Por essa razão, Raquel afirma que os demais membros da comissão não participam das reuniões, que são restritas aos familiares que procuram o Pappadis: “Há casos de pais que pedem para vir com os filhos, para se sentirem acolhidos, porque de alguma forma não estão à vontade para vir sozinhos. Isso é permitido. Mas tudo é passado para a nossa equipe ter o controle. A intenção é deixar as pessoas o mais confortável possível nesse ambiente, que é neutro, em um ponto central da cidade e que tem o respaldo da Ordem”.

Dos encontros, que não têm pautas definidas previamente para que se possa avaliar as demandas dos participantes, Marcia já tirou várias lições, entre elas a de que o preconceito às vezes está mais entranhado do que se imagina. “Apesar da minha evolução nos últimos anos e de pensar, inocentemente, que tinha dominado os preconceitos em relação à orientação sexual ou identidade de gênero, quando recebemos a mãe de uma mulher trans vi que ainda tenho muito caminho pela frente. O processo não para. Por um momento agradeci a Deus por minha filha ser ‘só’ lésbica. Aprendi que o sofrimento de uma mulher trans é cotidiano, está no dia a dia, passa pela discriminação , pela exclusão e pelas agressões não só psicológicas, mas até físicas. Ali, durante o relato das duas, vi um grande exemplo de amor e acolhimento”, conta a coordenadora.
 
“Precisamos sempre respeitar as diferenças e não podemos nunca baixar a guarda, temos de ser vigilantes com nossas reações espontâneas cobertas de preconceito”, acrescenta.

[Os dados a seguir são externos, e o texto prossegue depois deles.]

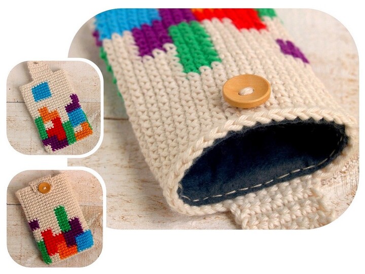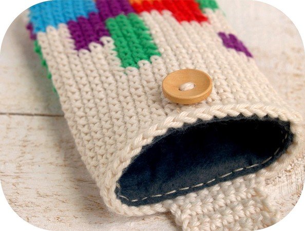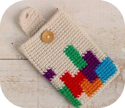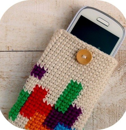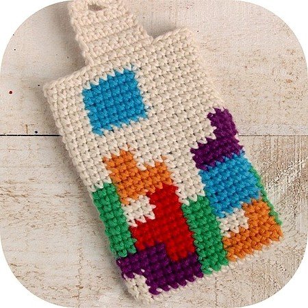 Smartphones als tägliches Gebrauchsgut benötigen nicht nur stabile, sondern auch schöne Taschen und Hüllen. Im Idealfall spiegeln diese Ihre Individualität, Persönlichkeit und Kreativität wider. Wie zum Beispiel diese gehäkelte Smartphonetasche mit einem bunten "Bausteinmuster" in blau, rot, violett, grün und gelb.
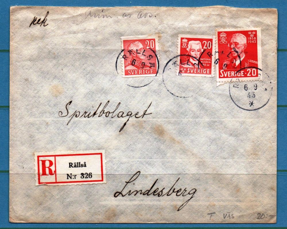 REK-brev med etikett från Rällså den 6.9.43.Bra kvalitet.
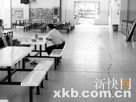 食堂地面出現(xiàn)長(zhǎng)長(zhǎng)裂縫。李詠祁/攝
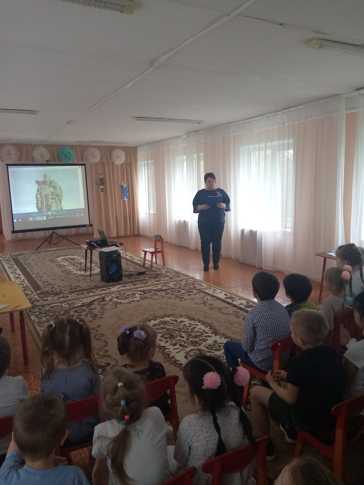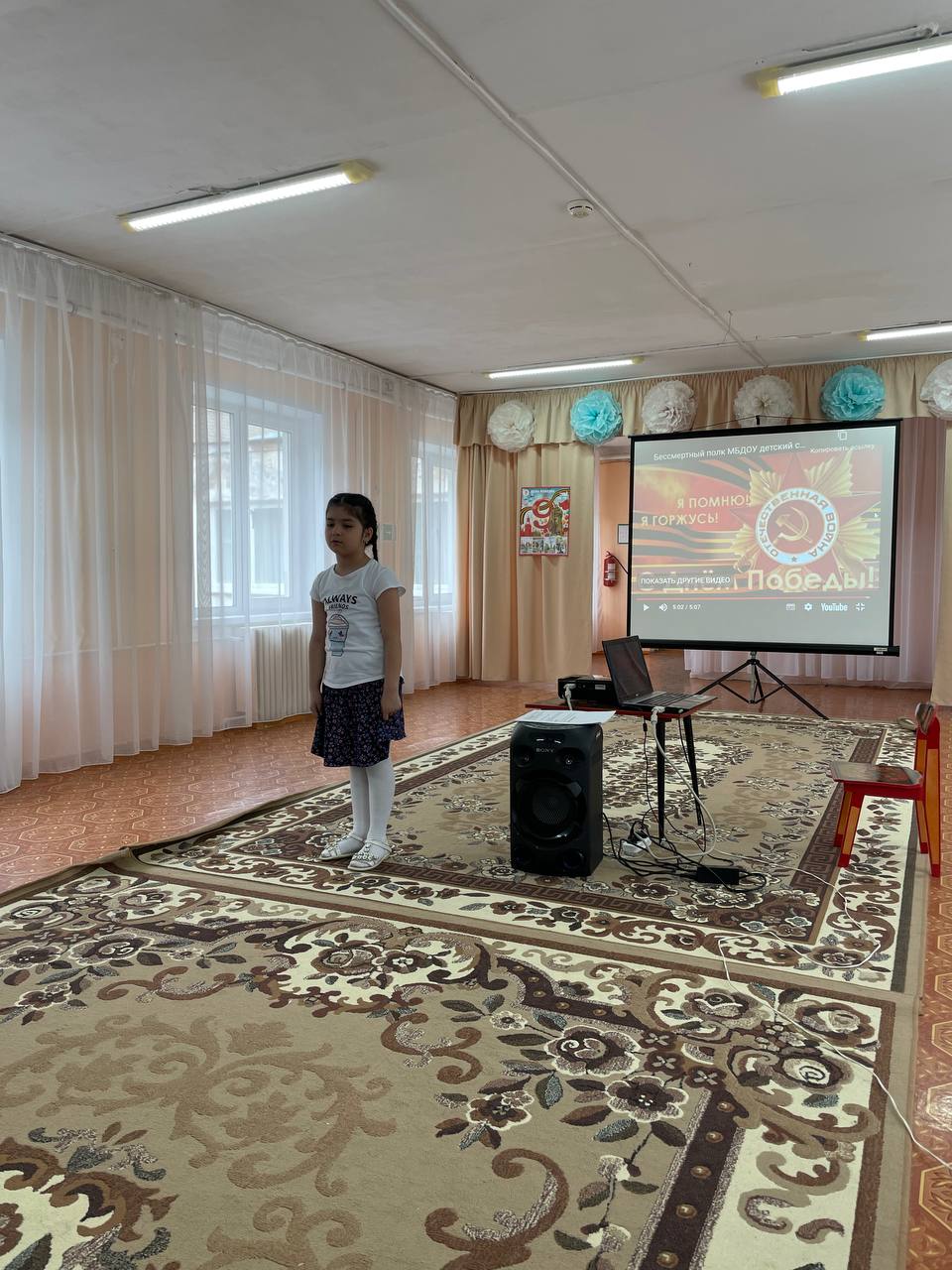 Также на празднике дети пели любимую всеми «Катюшу». Посмотрели фильм о Бессмертном полке нашего детского сада. И приняли участие в Международной акции «Читаем детям о Великой Отечественной войне», прослушав рассказ Л.Кассиля «Памятник советскому солдату», который прочитала воспитатель Ермакова Наталья Владимировна.
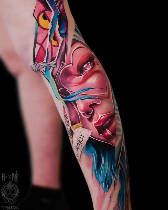 Татуировка мужская нью скул и реализм на ноге девушка и розовая пантера (Дмитрий Шейб) 6739
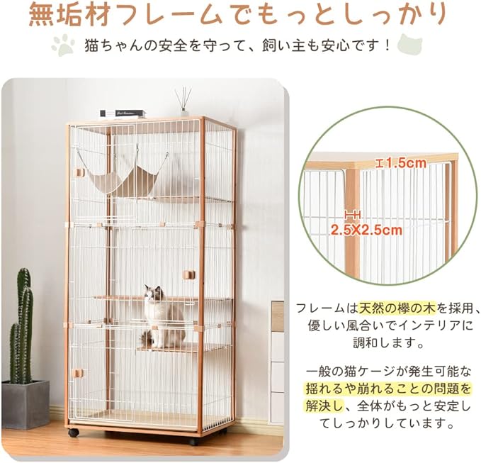【無垢材フレームでもっとしっかり】フレームは天然の欅の木を採用し、猫ちゃんには安心安全です。優しい木の風合いが、インテリアとしてもお部屋に馴染みます。揺れることや崩れることの問題を解決し、全体がもっと安定してしっかりしています。一般のキャットケージより耐久性が優れています。
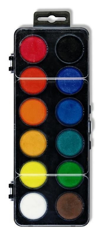 School watercolors in 12 shades with tablets measuring 30 mm in diameter, in rectangular, plastic, single-layer palettes with a transparent lid. The colors are vibrant and characterized by their high pigment content. They are certified and completely safe for children.

Membro do Pappadis, Rosane Albuquerque é outro exemplo de mãe que viu sua vida mudar após a revelação da filha de que era gay. Afastada do Direito, Rosane se viu num processo de volta ao mundo jurídico, onde já atuava anteriormente em Direito de Família, para procurar se qualificar para trabalhar com Direito Homoafetivo após uma entrevista da desembargadora aposentada Maria Berenice Dias, expoente no assunto e presidente da Comissão de Diversidade Sexual da OAB Federal.

Rosane conta que sua história foi mais fácil do que outras relatadas. “Fiquei sentida por minha filha não ter me contado antes, já que me contava tudo. Como ela tinha namorado três meninos, em relacionamentos longos, eu não imaginava. Mas é muito difícil também para o homossexual se entender. Ela chegou a falar com todos eles sobre o desejo que sentia por meninas, mas só por volta dos 30 anos entendeu que era, de fato, homossexual, e aceitou”, diz.

M., que preferiu não se identificar para atender ao desejo do filho de não ser exposto, diz que ficou perdida ao descobrir, por uma mensagem no celular, a orientação sexual dele, com 17 anos na época. O processo natural da maioria das mães, explica a coordenadora do grupo, é de vergonha, raiva e negação. “Mas vai depender da experiência de vida de cada uma o quanto demora cada fase. Quem está em negação não faz o movimento de vir procurar ajuda porque tem medo de ser discriminada. Só que aqui não se fala nome, sobrenome, o que veio fazer, nada. Se não quiser compartilhar, pode chegar e ficar em silêncio”.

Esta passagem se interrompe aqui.